Police identified the victim as 57-year old Leela Karkera in an unnatural death report, according to the Times of India.
Karkera was reportedly unable to tell the difference between the packaging of the rat poison and toothpaste.
She was rushed to a private hospital immediately for treatment but died on Sunday.
The incident took place in the Indian port of Malpe, near Udupi city on the Karnataka coast.
It is reportedly fairly common to mistake a specific brand of rat poison for toothpaste due to similarities in packaging.
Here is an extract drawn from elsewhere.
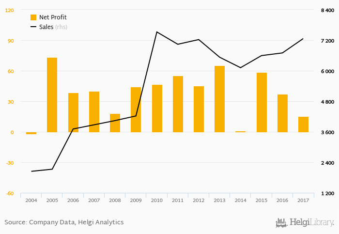 Sales have grown by 6.49% a year on average since 2007. They reached a high of CZK 7,525 mil in 2010 and a low of CZK 2,045 mil in 2004.
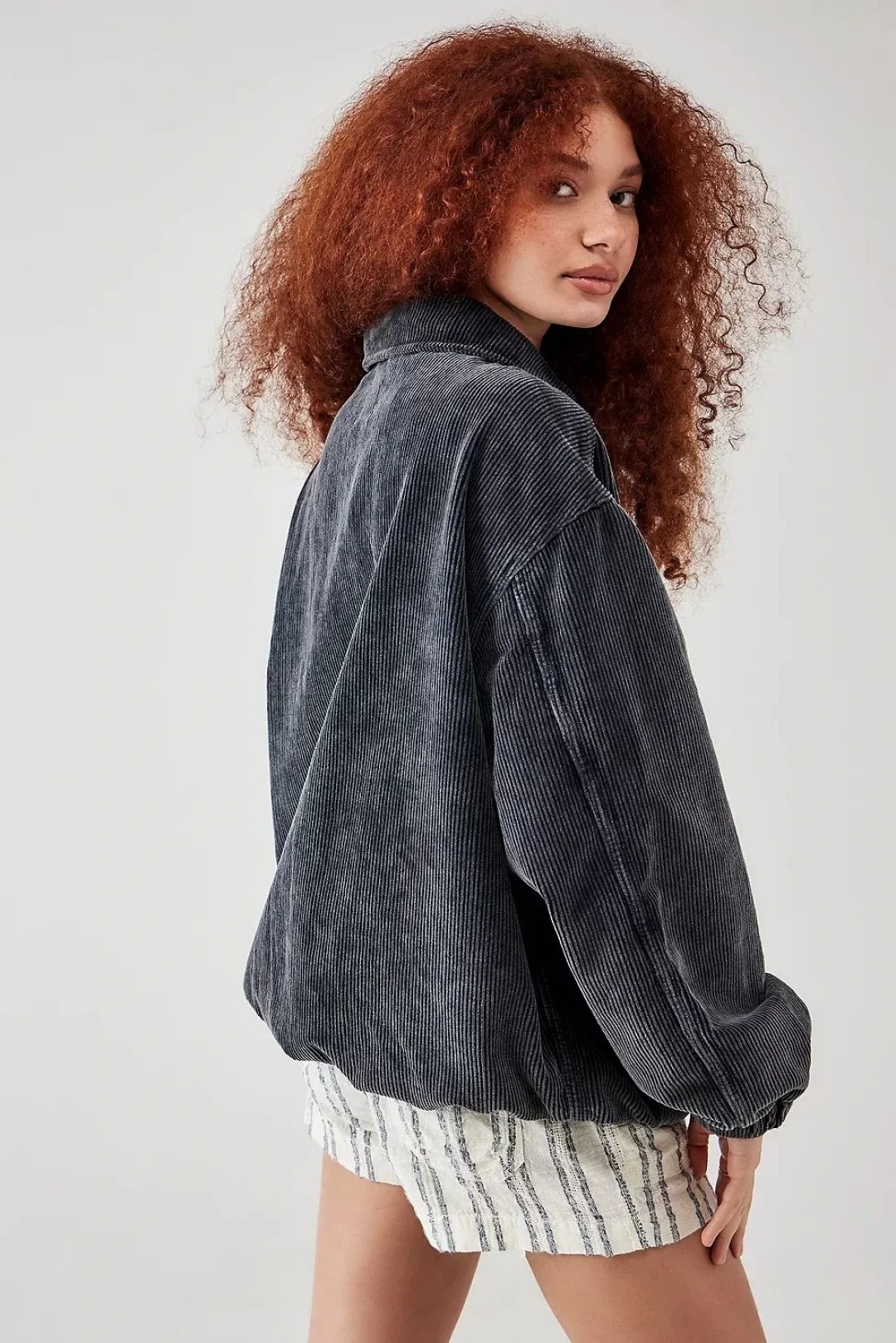 Bu sezonun trend parçalarından biri olan VibeGaia Füme Bomber Ceket Oversize'ı hemen sepetinize ekleyerek tarzınızı tamamlayabilirsiniz.

There is no antidote for the poison.
Rat poison paste sold by the brand Ratol is available widely and cheaply in India and comes in a tube.
In 2012, two young children in Puducherry died after accidentally brushing their teeth with the poison.
One of the victims, a 5-year old girl, died of liver failure almost a week after using the poison by mistake.
The other, a 3-year old boy, also died of liver failure, reported the Times of India.
The year before, a 3-year old girl was admitted to hospital for the same accident, but doctors were able to save her after more than two weeks of treatment.
The Indian Journal of Critical Care Medicine called for the Ratol brand rat poison to be banned in Indian households in 2015.
They cited fatal doses of yellow phosphorus and the common mistaking of Ratol for toothpaste as reasons for the ban.
Yellow phosphorus poisoning causes acute liver failure, and as there is no antidote, the only definitive treatment is a liver transplant.